TASK
Write out the data exactly, please, and omit the pictures.

RECORDED DATA
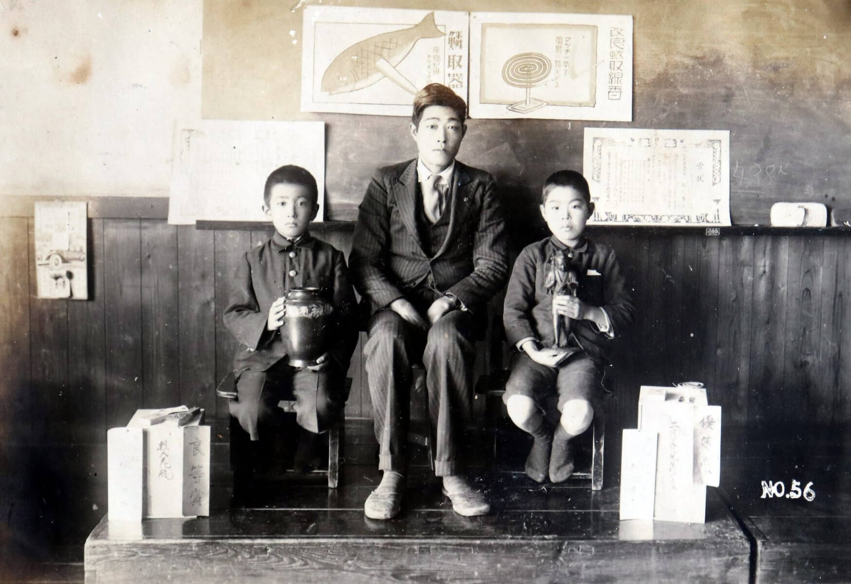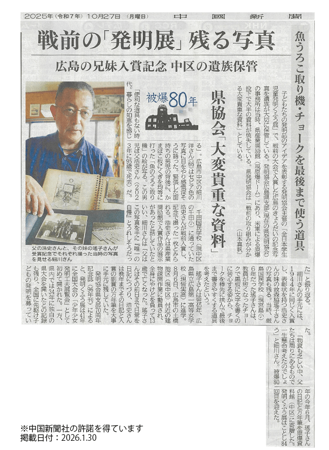 「小国民創案表彰展覧会(現:広島県児童生徒発明くふう展(全日本学生児童発明くふう展)」が開催されていたと思われる。全国に先駆けて子どもの発明を募っていた 写真は入賞を記念して撮影したとみられる写真。左は故・細川 浩史さん。壁には「鱗取器」とある(写真提供:細川 洋 様) 細川 浩史さんの妹、故
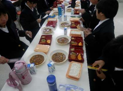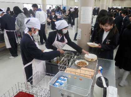 各学級では、係生徒が食缶で用意されたカレールーを食器に盛りつけていました。味は、なかなか好評のようです。
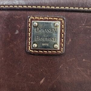 Dooney & Bourke vintage leather wristlet. zipper had one stitch that came undone which I've tied. shown on pictures, could be sewn/stitched I'm just not good with that. otherwise good condition. Beautiful chocolate brown, interior has one slip pocket. zip top.
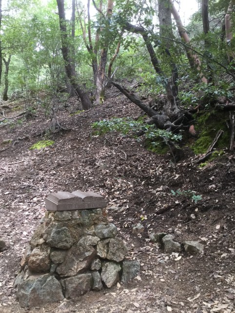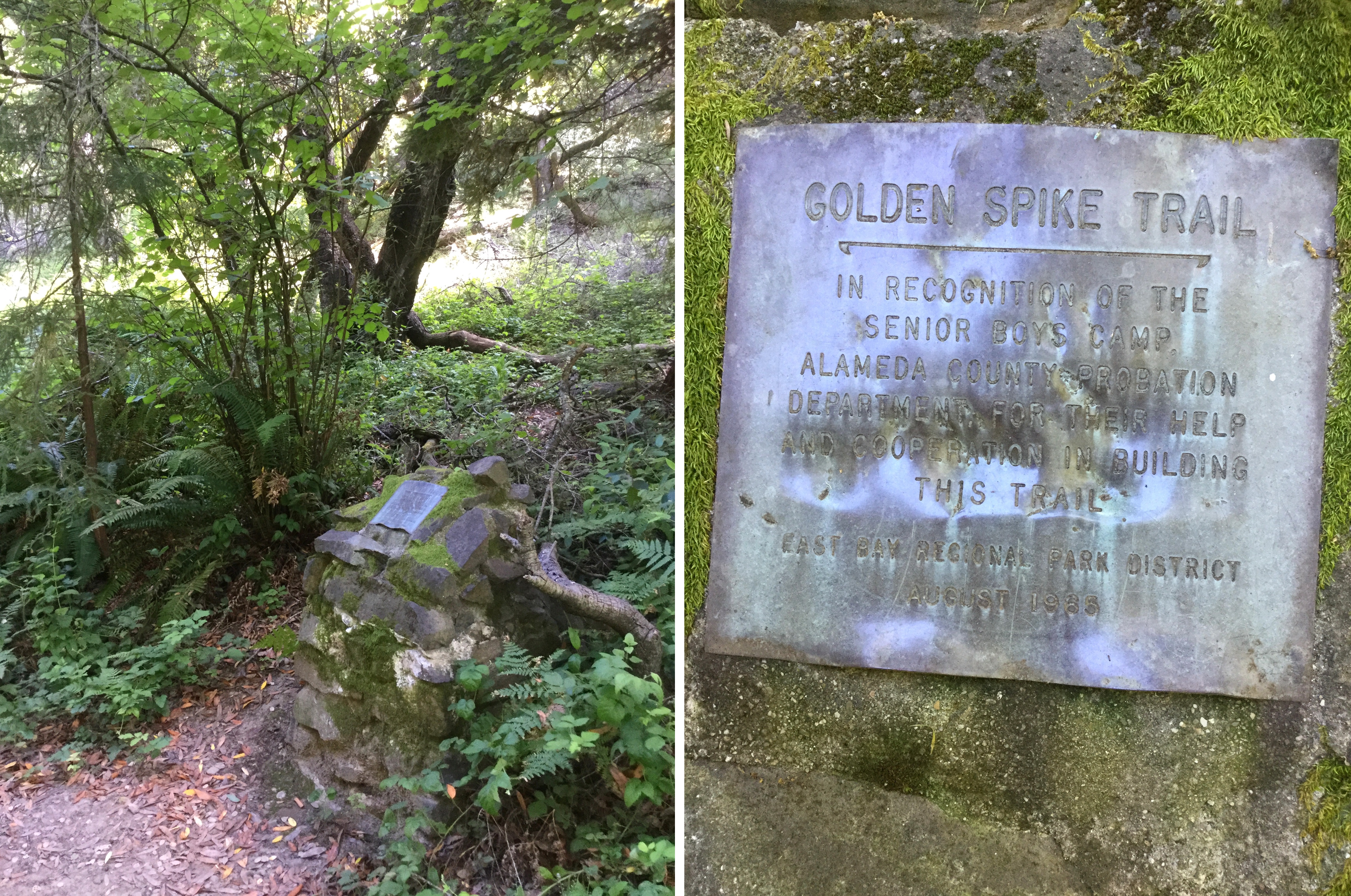 Commemorative marker on Golden Spike Trail running north along Grass Valley Creek, Redwood Regional Park

RESPONSE
 「小国民創案表彰展覧会(現:広島県児童生徒発明くふう展(全日本学生児童発明くふう展)」が開催されていたと思われる。全国に先駆けて子どもの発明を募っていた 写真は入賞を記念して撮影したとみられる写真。左は故・細川 浩史さん。壁には「鱗取器」とある(写真提供:細川 洋 様) 細川 浩史さんの妹、故
 各学級では、係生徒が食缶で用意されたカレールーを食器に盛りつけていました。味は、なかなか好評のようです。
 Dooney & Bourke vintage leather wristlet. zipper had one stitch that came undone which I've tied. shown on pictures, could be sewn/stitched I'm just not good with that. otherwise good condition. Beautiful chocolate brown, interior has one slip pocket. zip top.
 Commemorative marker on Golden Spike Trail running north along Grass Valley Creek, Redwood Regional Park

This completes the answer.